Depuis 1545, les décès en ville de Genève sont enregistrés par les médecins visiteurs des morts, qui en notent aussi les causes. Ces registres constituent une source précieuse pour l'histoire de la démographie et de la santé publique. Ils font notamment apparaître, dans les siècles passés, une forte mortalité infantile.
Testament d'une femme enceinte, 1693
A cause de la fréquence des décès en couches et des morts de nouveau-nés, les femmes enceintes associaient autrefois étroitement dans leurs pensées la mort et la nouvelle vie en devenir. C'est pourquoi l'on rencontre dans les archives de nombreux testaments de jeunes femmes primipares.

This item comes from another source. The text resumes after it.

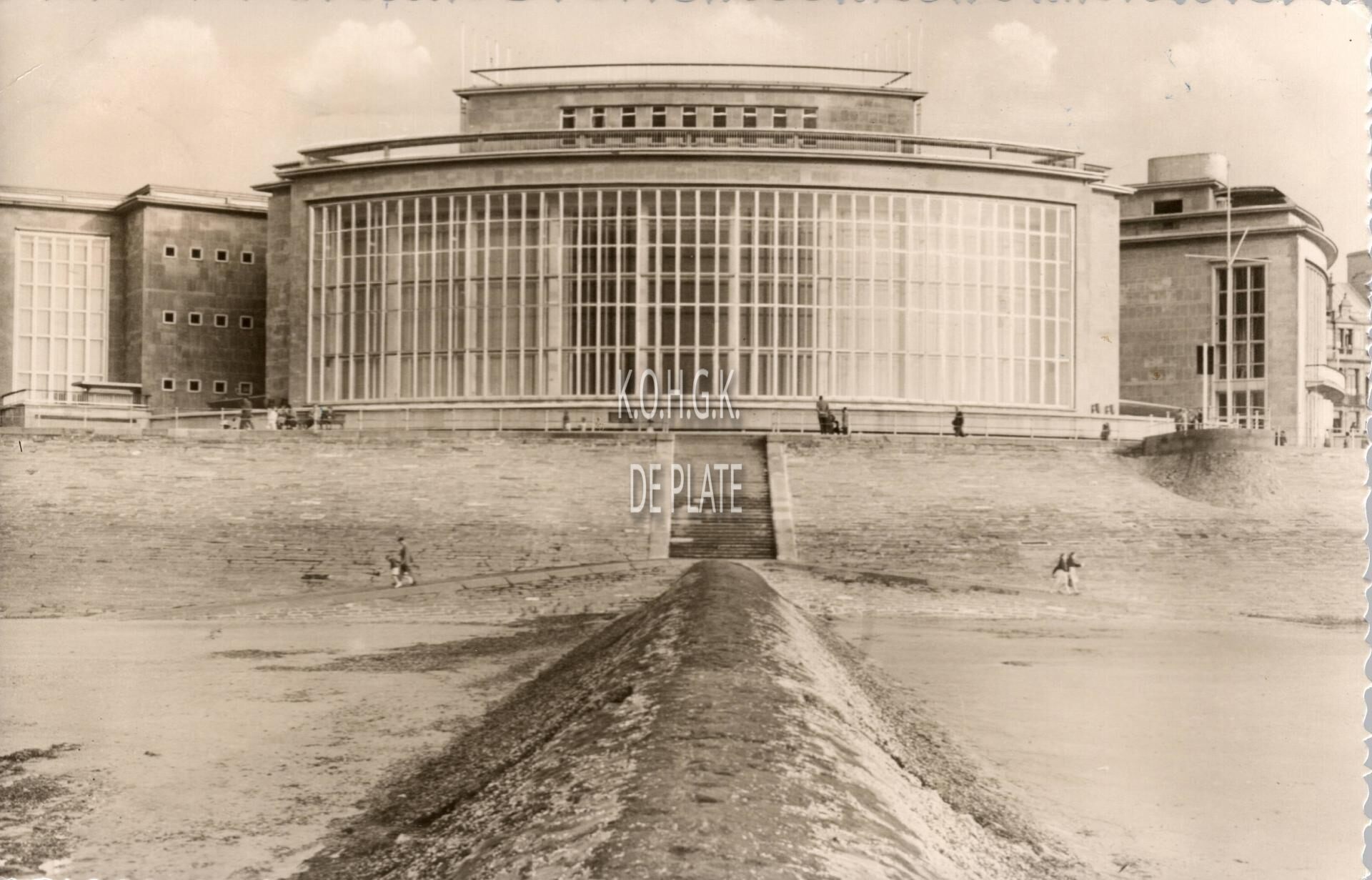 De noordgevel van het vierde Kursaal langs de Albert I-promenade gezien vanop een golfbreker op het Groot Strand.

"Me treuvant aujourd'huy dans un estat auquel les personnes de mon sexse doivent avoir la mort plus présante à leurs esprit que dans aucune autre occasion", écrit Marie Rubatty, pour expliquer les circonstances qui la poussent à prendre la plume. Elle institue pour son héritier universel "l'enfant qu'il plaira à Dieu de faire naître de moy". Elle prévoit aussi l'hypothèse d'un double décès, le sien et celui de son bébé, en désignant un héritier de substitution.

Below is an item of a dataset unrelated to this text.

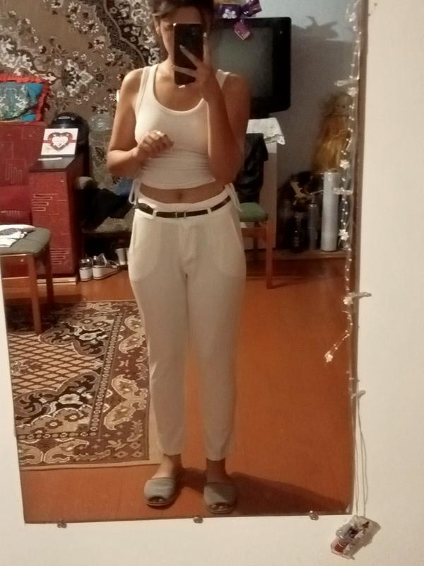 продам белые брюки с ремешком размер 38 одевались только раз являются незаменимые пятнышки на правые ноге не фирменные

Généralement, les testatrices enceintes lèguent leurs biens à l'enfant ou aux enfants à naître, à parts égales, prévoyant des jumeaux ou des grossesses futures. L'auteure de ce testament a survécu 16 ans à son accouchement, et n'a pas estimé nécessaire de modifier ses dernières volontés (AEG, Jur. Civ. E 10, p. 341, testament du 20 octobre 1693).

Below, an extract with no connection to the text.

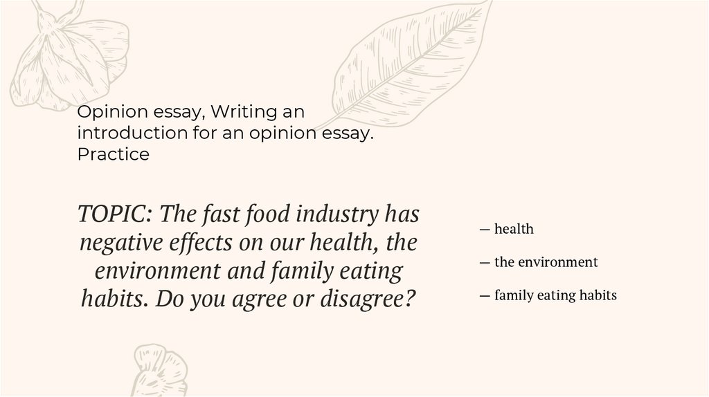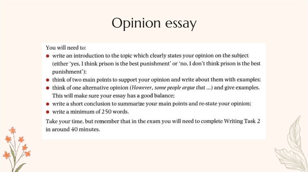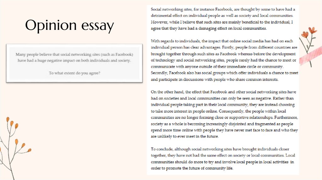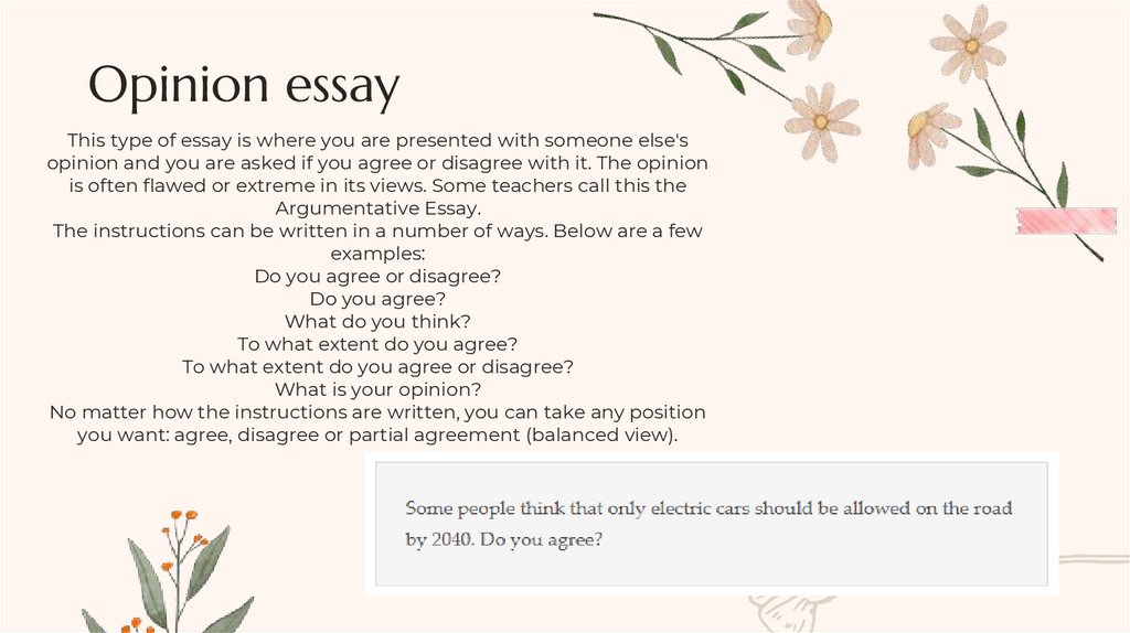 This type of essay is where you are presented with someone else'sopinion and you are asked if you agree or disagree with it. The opinion

Registre des visiteurs des morts, 1775
Sur ces deux pages, l'on peut relever, entre le 12 et le 13 juin, les décès d'un garçon de neuf ans, d'un garçon de deux ans et demi, d'un bébé de 15 jours, morts tous trois de "convulsions", terme bien peu précis; il y a aussi trois enfants mort-nés, que le médecin, dans sa statistique récapitulative de la quinzaine, mentionne sous le terme d'"avortons" (AEG, Santé I 1).